Work Package 3 – Customer modelling
It was found that the analysis that was planned to be completed in Excel for work package 3 (modelling the house using inputs from AECOM) can be undertaken successfully in PLEXOS. As such, the PLEXOS model was prepared to represent the house as a heat battery, optimise heat pump space heating demand, including non-electric heating demand, and hot water / thermal storage use according to price optimisation, ensuring temperature does not drop below a certain limit.
Initial results from modelling by AECOM of heat demand profiles for homes showed slightly unrealistic ramp up times and assumptions around heating capacity. Model reruns were made to include dynamic set-point adjustment to cater for extreme cold periods and heating capacity limits, and adjustment of the heating capacity limits based on heat loss calculations.
Differences between profiles produced by the AECOM building physics model and profiles produced in PLEXOS (underestimation of heat demand in PLEXOS model on coldest days) was explained by the initial absence of modelling the effect of thermal mass of buildings in PLEXOS. The PLEXOS profiles were brought in line with AECOM profiles by applying a factor representing the effect of this thermal mass variable.
At the individual house level on a variable tariff it was found that peaks were shifted from evening periods to morning periods, rather than reduced. Peaks were higher in scenarios with electrical batteries, as these are an additional load. However, by applying limits to total electricity demand, loads could be spread more evenly across the day, and peaks could be reduced with the addition of storage. This illustrates the importance of having the right market signals to incentivise the use of storage in a way that is most beneficial to the network.
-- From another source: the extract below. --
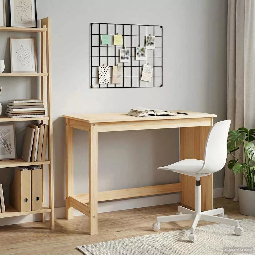 - Tömör fenyőfa konstrukció Az íróasztal lábai, kerete és felülete tömör fenyőből készülnek, ami erős és tartós anyag. Az anyag kiválasztása biztosítja, hogy az asztal mindennapi használat közben se változzon meg, és megőrzi a struktúráját különböző beltéri környezetekben. A fenyőfa természetes erezete melegséget és karaktert ad a dizájnhoz.

The heat demand modelling assumes that the heat pump would be able to deliver all of a property’s heat demand (i.e. additional heating through other electrical / resistive heating is not required). This assumption was based on guidance from heat pump manufacturers. Further study could include investigating the demand in existing properties with heat pumps installed, and assessing whether the heat pump alone provides sufficient thermal input to meet the demand.
Work Package 4 – Area typology modelling
At the network level it was found that, with high levels of heat pump uptake, the introduction of flexibility measures shifted peak demands from high price to low price periods on an Agile-type tariff, rather than reducing peaks. Rather than introducing electricity supply limits to counter this, the Time of Use (ToU) price was adjusted to try to encourage peak shaving rather than peak shifting. It was determined that a tariff with low overnight rates, high peak rates, and a linear change in prices between the two had the desired effect.
Preliminary results from the network level modelling suggest that electrical batteries (50% uptake among homes with heat pumps) and flexible hot water generation are the most effective measures for reducing peak loads. Flexible hot water generation should be relatively easy to incentivise for households. However, batteries are expensive investments, and it is possible that the costs might outweigh the benefits. Temperature flexibility and buffer tanks were found to be less effective.
Work Package 5 – CBA, Analysis and recommendation
Assumptions for battery uptake used in the Peak Heat project are illustrative only. In work package 4 it was found that there is not a great deal of additional benefit (in terms of reduction in peak loads) when uptake of batteries exceeds 50% of homes with heat pumps. However, it is noted that battery uptake is forecasted to be much lower in practice. DFES indicates that only around 2% of all NGED customers will have heat pumps in 2030, in the Consumer Transformation scenario. The 50% uptake has been taken as the illustrative scenario for the Peak Heat project to provide an indication of the maximum amount of flexibility that batteries could offer if a wide rollout took place.
The CBA model confirmed that pre-emptive transformer replacements, i.e. avoiding multiple upgrades of the same substation, result in improved net present value benefits compared with multiple incremental upgrades to the next size up.